The Dreamers

By Simon Thomas

Perhaps the quest of the playwright is best summed up thus: “If I could describe this place, portray it, I’ve tried, I feel no place, no place around me, there’s no end to me, I don’t know what it is, it isn’t flesh, it doesn’t end, it’s like air.” Quite. In any case, this term will run the gamut from the strange to the sublime. Stoppard jostles for space with Shakespeare; Coward shares fourth week with Oxford’s Christina Bejan.

The playwrights of Trinity term’s productions make for as much entertainment and intrigue as the subjects dealt with in the plays themselves. These subjects range from a “shady and amorous” restoration female spy and adventuress imprisoned in a debtors’ prison, Aphra Behn, to the most ‘postmodern’ – and possibly misogynistic – of British writers in the 20th century, Samuel Beckett. We run the whole gamut of social, racial and cultural backgrounds.

The lives of these particular playwrights could read like something from a play itself (albeit one of a dark and twisted nature): Scene One – remembers own birth; Scene Two – attacked by a pimp. Reality and fantasy are never as far apart as one might suppose, and one feeds naturally in to the other.

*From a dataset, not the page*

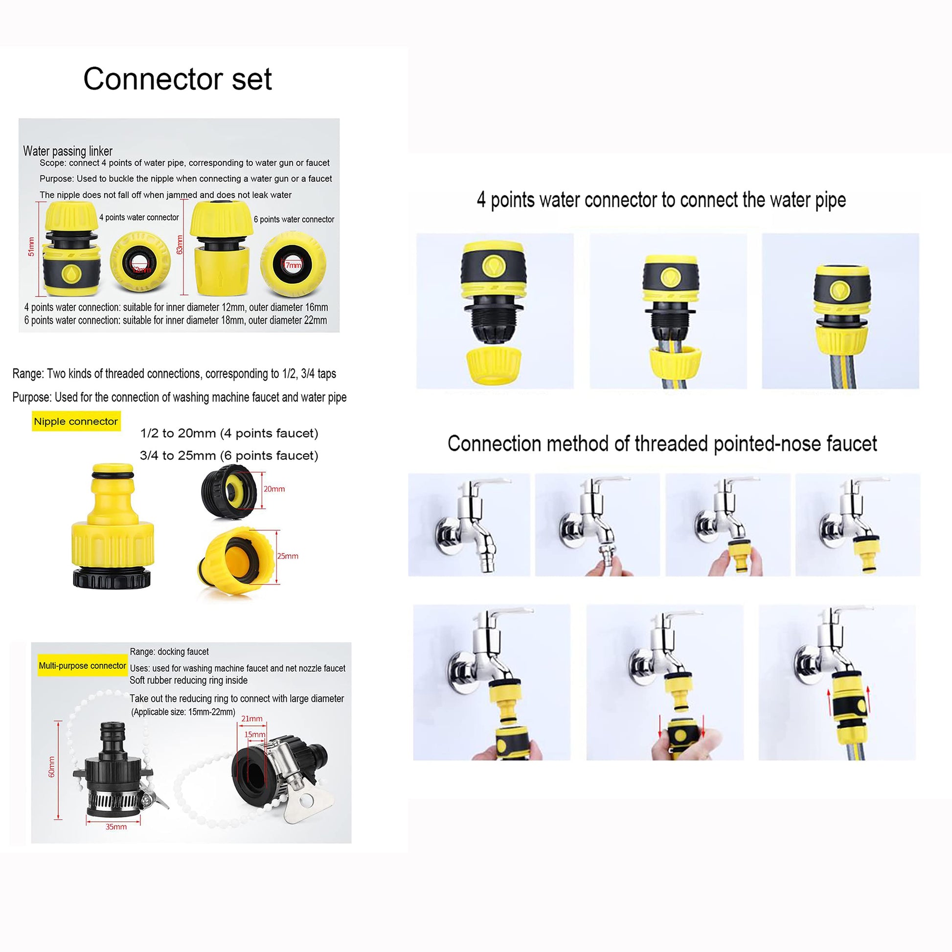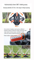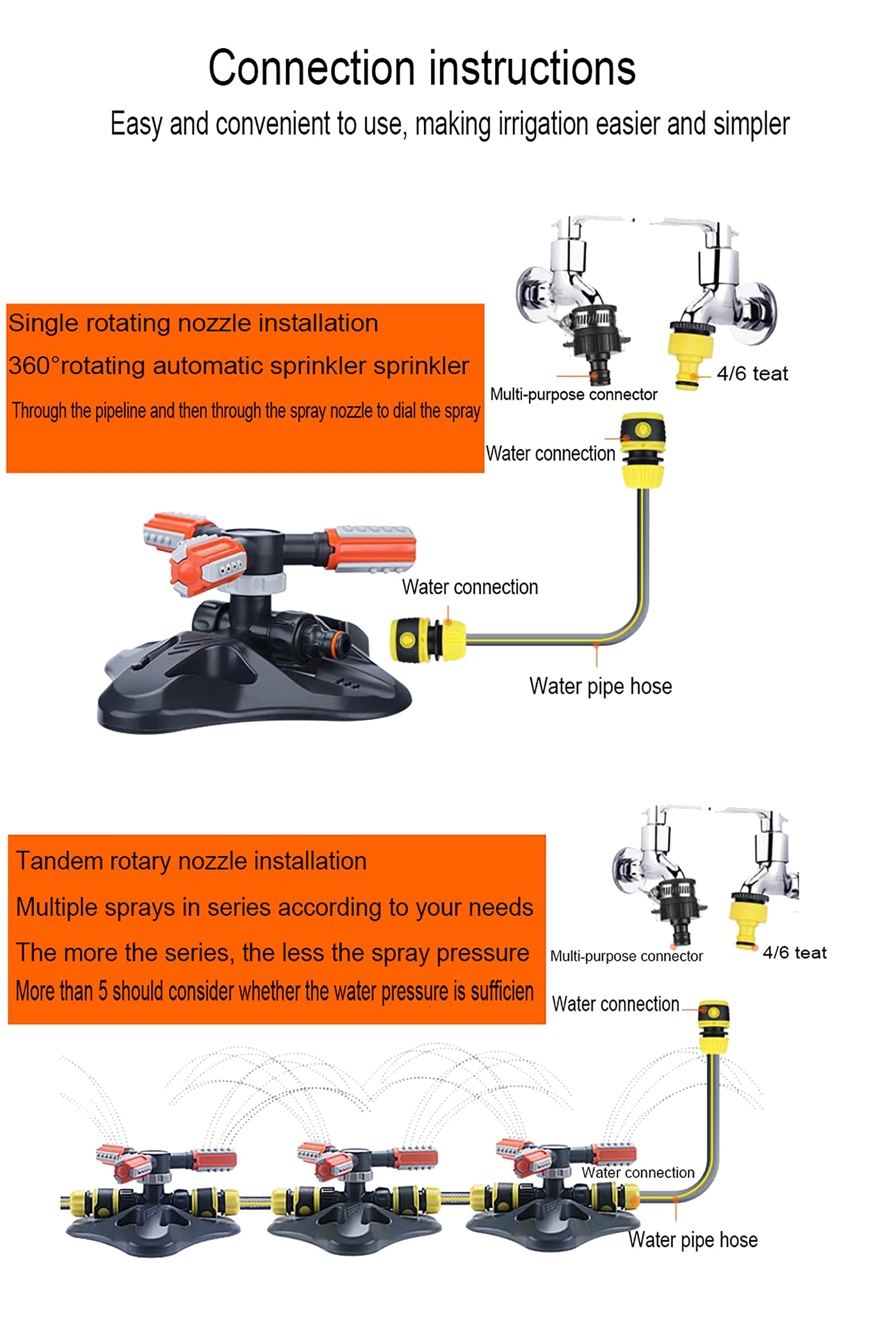 • Easy to use and quick to install: just connect the water joint to the connector and click. 360-degree rotating spraying, no other auxiliary power equipment is needed. Automatic garden/lawn irrigation can be realized only by the pressure of the household water supply.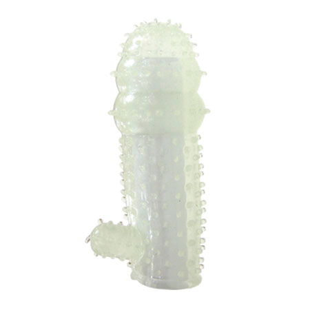 Эластичная насадка с клиторальным стимулятором для большего наслаждения, с ярко выраженными пупырышками на поверхности.

Playwrights create people and shape our language; they build dream-like worlds and delight in crumbling them to dust; they shape society, for which they are at once the spokesmen for and the derisive satirists of. They stand up for equality of the sexes, for creative and sexual freedom, for the schools of philosophy, psychology and theology.

If the plays themselves are not reason enough to become interested in the theatrical world, then even the most cynical and bored audience cannot fail to be intrigued, fascinated and titillated by the real lives behind the ones we see on the stage. Those of us who delight in scandal and in matters of a rather more under-the-covers nature should be able to discover enough in the lives of the writers to satisfy even the most worldly and jaded of palates.